Linear television, in her framing, is the “yes.”

The digital extensions, longer-form YouTube interviews, the “Psaki Bombs” reaction series, the forthcoming membership product, are the “and.” The combination, she said, is how the network reaches audiences that might not sit down to watch cable at a fixed hour.

Melber, who hosts “The Beat with Ari Melber” and has built a significant following on YouTube, offered a more stripped-down version of the same argument.

“People don’t watch the news,” he said. “People watch people. And that’s timeless.”

He said the network’s diversity of on-air voices creates a range of entry points for audiences, and that the shift to digital platforms has been a natural extension of that personality-driven model rather than a disruption to it.

A digital footprint that often goes unnoticed

The panel made clear that MS NOW’s digital scale is already substantial, even before the DTC launch.

The network recorded more than 3.8 billion YouTube views in 2025 and drew more views on the platform year-to-date than ABC News, CBS News and NBC News combined, according to figures provided by the company.

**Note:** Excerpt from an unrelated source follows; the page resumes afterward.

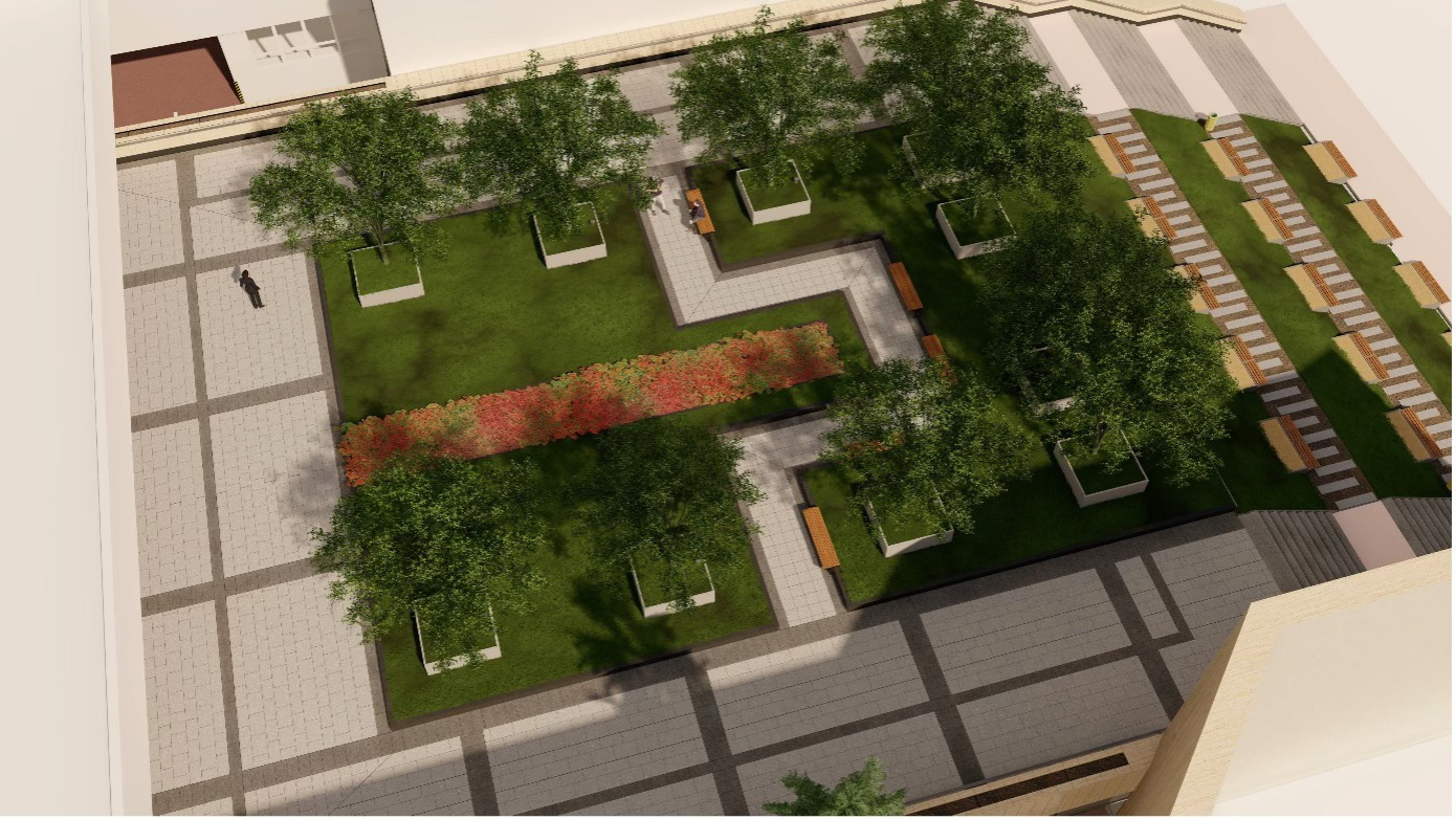 Druhú časť vegetačnej plochy bude riešená ako zatrávnená plocha s centrálnym parterom, ktorý bude tvoriť pestrá zmes kvitnúcich trvaliek. Pôjde o vodozádržné opatrenia na adaptácie zmeny klímy.Chodník s lavičkami bude lemovaný nízkou zeleňou a svetelnými prvkami, ktoré zvýraznia tento verejný priestor aj vo večerných hodinách. Zároveň tam vznikne ideálne miesto na oddych a stretávanie.
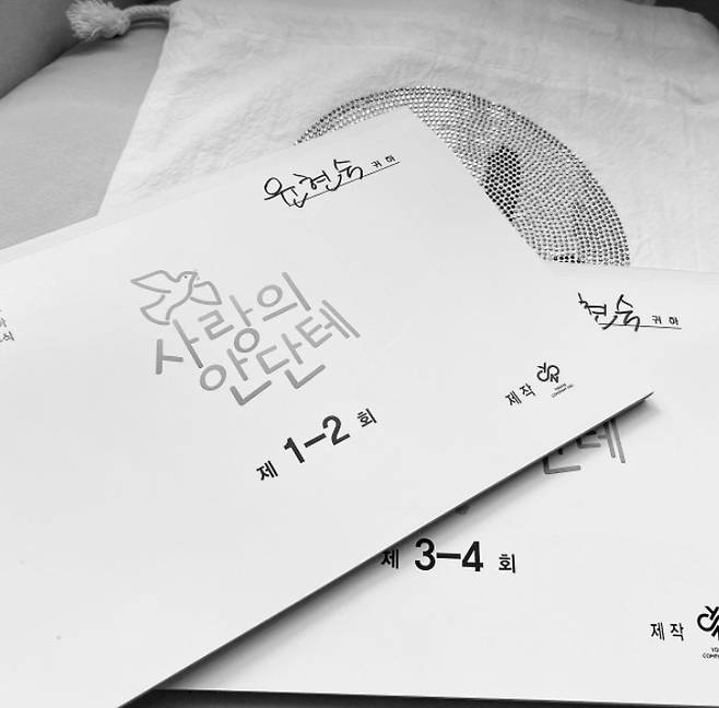 사진에는 드라마 '사랑의 안단테'의 대본이 담겼다. '사랑의 안단테'는 판타지 로맨스 코미디 드라마로 한국전쟁 이후 70년 만에 남한과 북한이 종전 선언을 하게 된 후, 남과 북이 강원도 고성 DMZ에 평화마을 프로젝트를 실행하는 내용을 담는다. 임슬옹과 황승언이 주연으로 출연을 확정지은 상태다.

Its website reaches more unique visitors than Politico, Axios and The Atlantic, and its audio portfolio — 20 original podcasts and 22 showcasts rivals outlets that have built their brands entirely around audio.

The network also recently added “Crooked on MS NOW,” a weekly Saturday night program featuring content from Crooked Media, the podcast company founded by former Obama administration officials. The company said that across its first four episodes, half of viewers were new to MS NOW on Saturday nights, with nearly two-thirds of viewers under 55 also new to the network.

Mabry described the DTC product as the first step in a longer digital build-out, and was expansive about where the network is looking for growth.

“We are obsessed with growth,” he said. “Authenticity is so important to who we are. We think that’s a strength and a competitive advantage.”

He added: “This inaugural DTC product is just our first step. We have a whole bunch of great digital products we have to build out.”